What is needed: An exact copy of each line below is needed, with no images in it.
(Raw data)
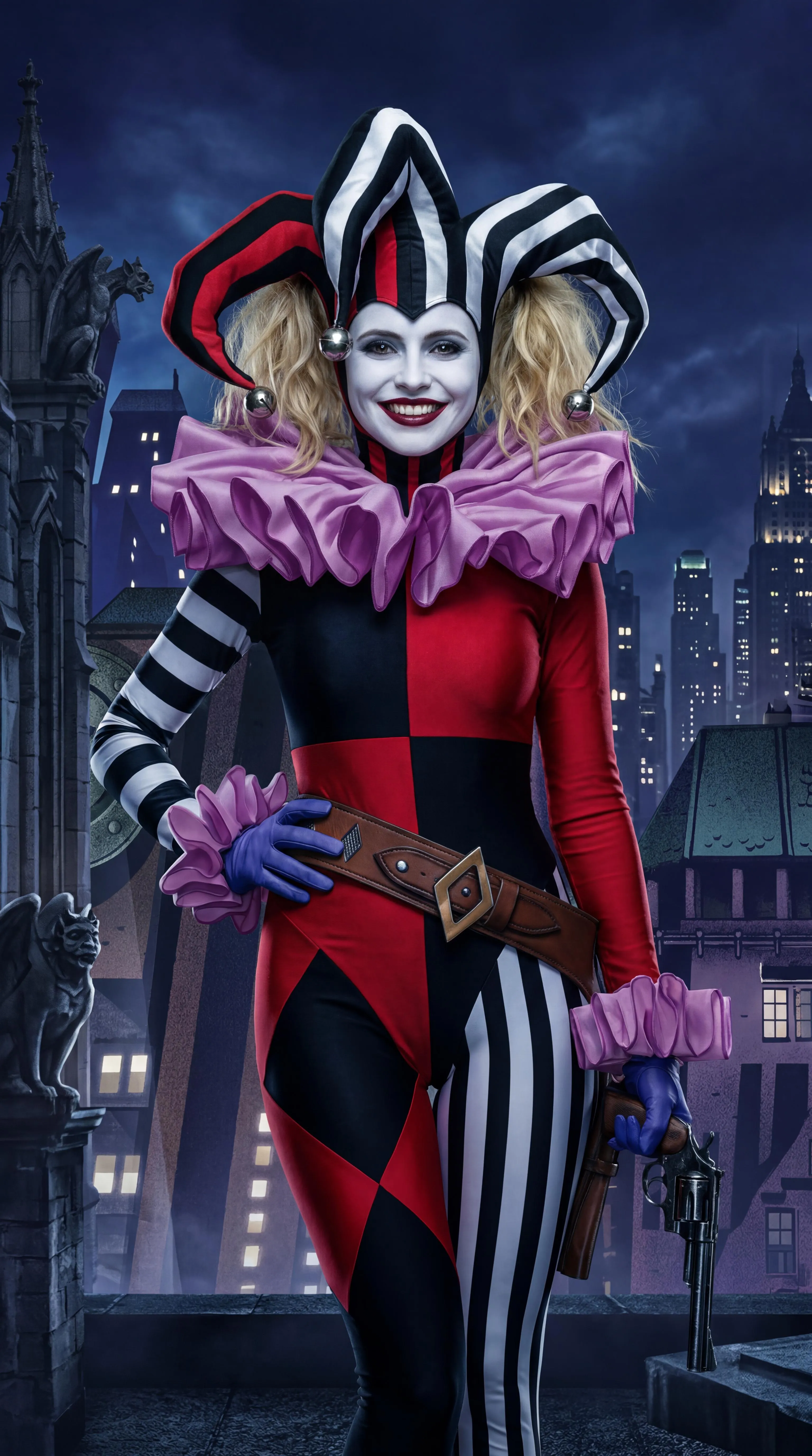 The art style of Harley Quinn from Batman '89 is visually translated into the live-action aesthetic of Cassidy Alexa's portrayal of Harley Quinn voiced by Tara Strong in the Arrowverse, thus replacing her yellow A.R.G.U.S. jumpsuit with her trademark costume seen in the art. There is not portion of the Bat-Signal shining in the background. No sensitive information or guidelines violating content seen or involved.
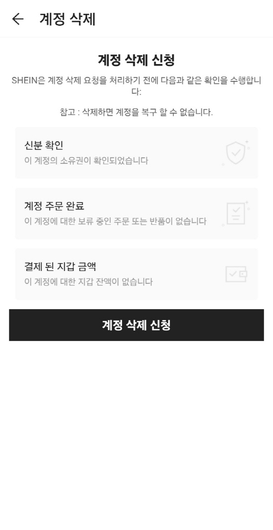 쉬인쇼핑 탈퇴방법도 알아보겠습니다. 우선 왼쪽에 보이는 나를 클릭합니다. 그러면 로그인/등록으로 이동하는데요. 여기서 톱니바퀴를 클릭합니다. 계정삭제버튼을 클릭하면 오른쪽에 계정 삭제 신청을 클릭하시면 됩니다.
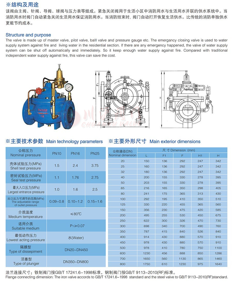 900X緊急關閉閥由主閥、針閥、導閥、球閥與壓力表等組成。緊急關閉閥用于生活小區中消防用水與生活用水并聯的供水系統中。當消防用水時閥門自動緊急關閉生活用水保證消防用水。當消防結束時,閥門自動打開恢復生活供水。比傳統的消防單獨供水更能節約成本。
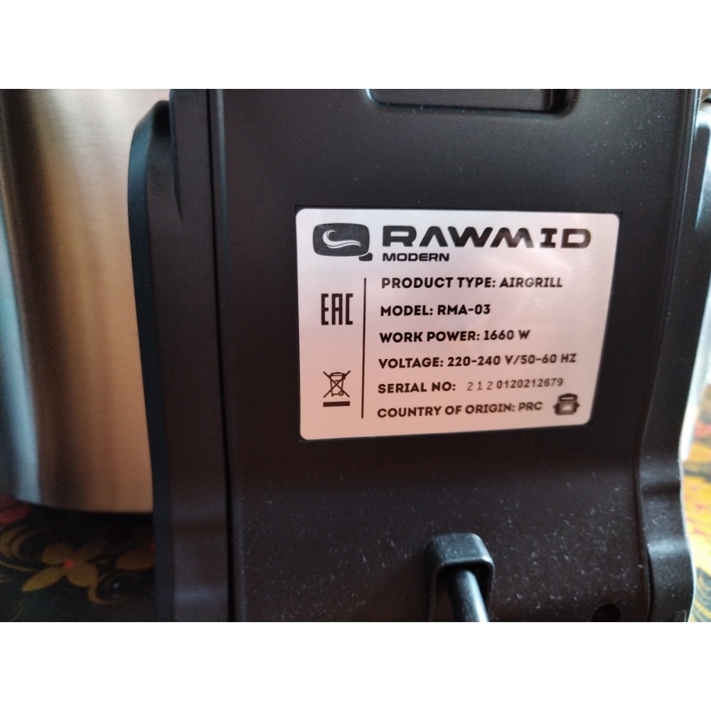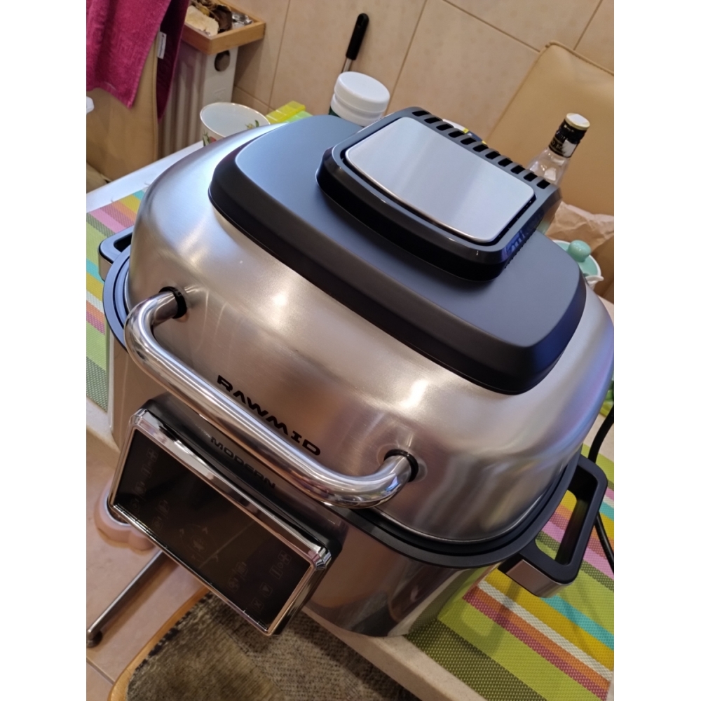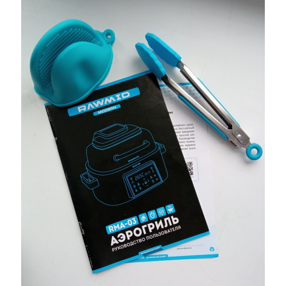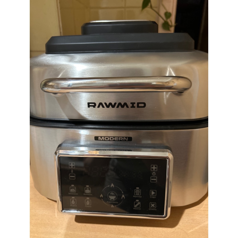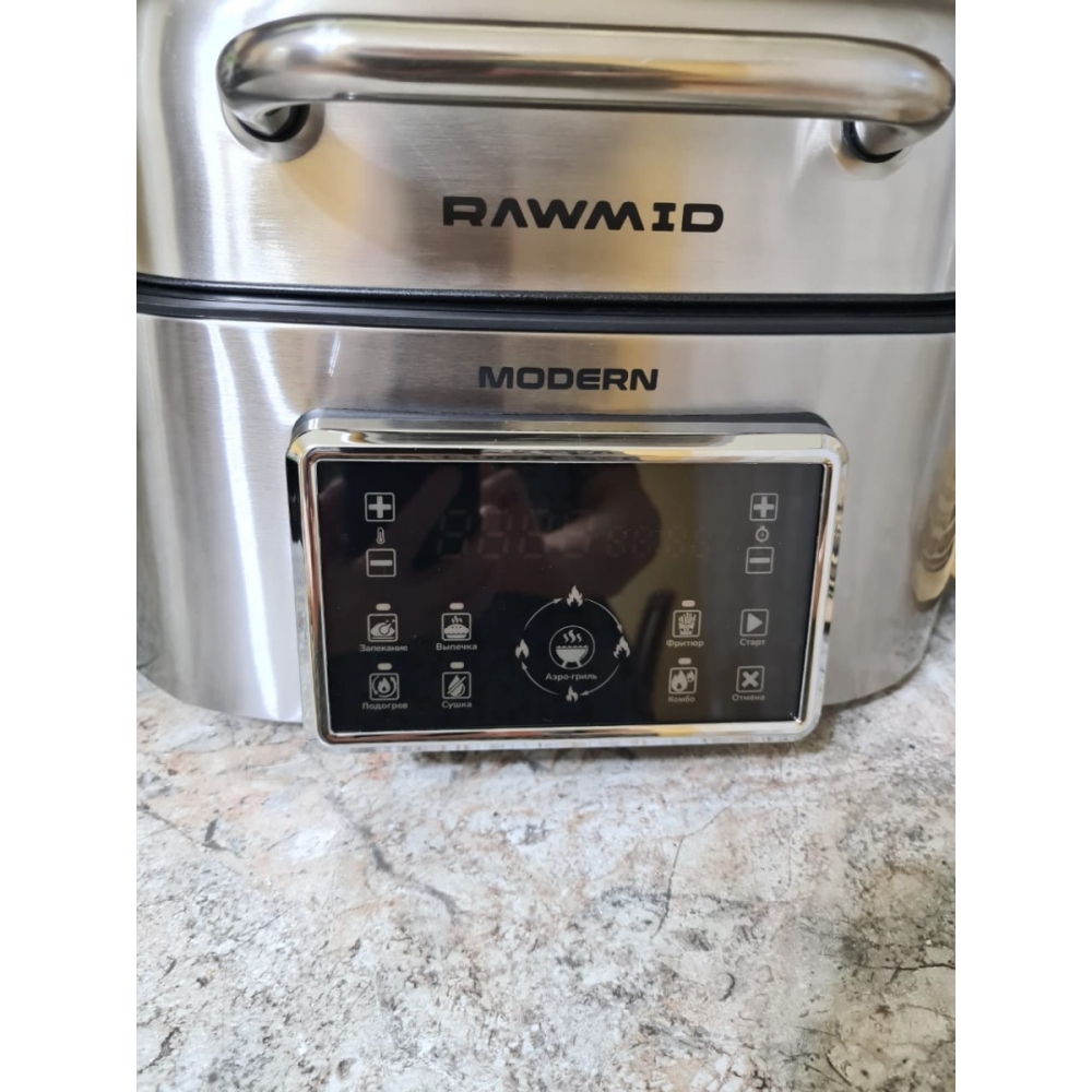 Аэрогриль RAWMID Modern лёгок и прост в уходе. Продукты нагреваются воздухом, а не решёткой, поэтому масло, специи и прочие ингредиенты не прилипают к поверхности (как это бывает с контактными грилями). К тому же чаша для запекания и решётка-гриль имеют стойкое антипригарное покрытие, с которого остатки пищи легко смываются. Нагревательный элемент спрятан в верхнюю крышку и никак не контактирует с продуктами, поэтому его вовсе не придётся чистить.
(End Raw data)
Your solution:
 The art style of Harley Quinn from Batman '89 is visually translated into the live-action aesthetic of Cassidy Alexa's portrayal of Harley Quinn voiced by Tara Strong in the Arrowverse, thus replacing her yellow A.R.G.U.S. jumpsuit with her trademark costume seen in the art. There is not portion of the Bat-Signal shining in the background. No sensitive information or guidelines violating content seen or involved.
 쉬인쇼핑 탈퇴방법도 알아보겠습니다. 우선 왼쪽에 보이는 나를 클릭합니다. 그러면 로그인/등록으로 이동하는데요. 여기서 톱니바퀴를 클릭합니다. 계정삭제버튼을 클릭하면 오른쪽에 계정 삭제 신청을 클릭하시면 됩니다.
 900X緊急關閉閥由主閥、針閥、導閥、球閥與壓力表等組成。緊急關閉閥用于生活小區中消防用水與生活用水并聯的供水系統中。當消防用水時閥門自動緊急關閉生活用水保證消防用水。當消防結束時,閥門自動打開恢復生活供水。比傳統的消防單獨供水更能節約成本。
 Аэрогриль RAWMID Modern лёгок и прост в уходе. Продукты нагреваются воздухом, а не решёткой, поэтому масло, специи и прочие ингредиенты не прилипают к поверхности (как это бывает с контактными грилями). К тому же чаша для запекания и решётка-гриль имеют стойкое антипригарное покрытие, с которого остатки пищи легко смываются. Нагревательный элемент спрятан в верхнюю крышку и никак не контактирует с продуктами, поэтому его вовсе не придётся чистить.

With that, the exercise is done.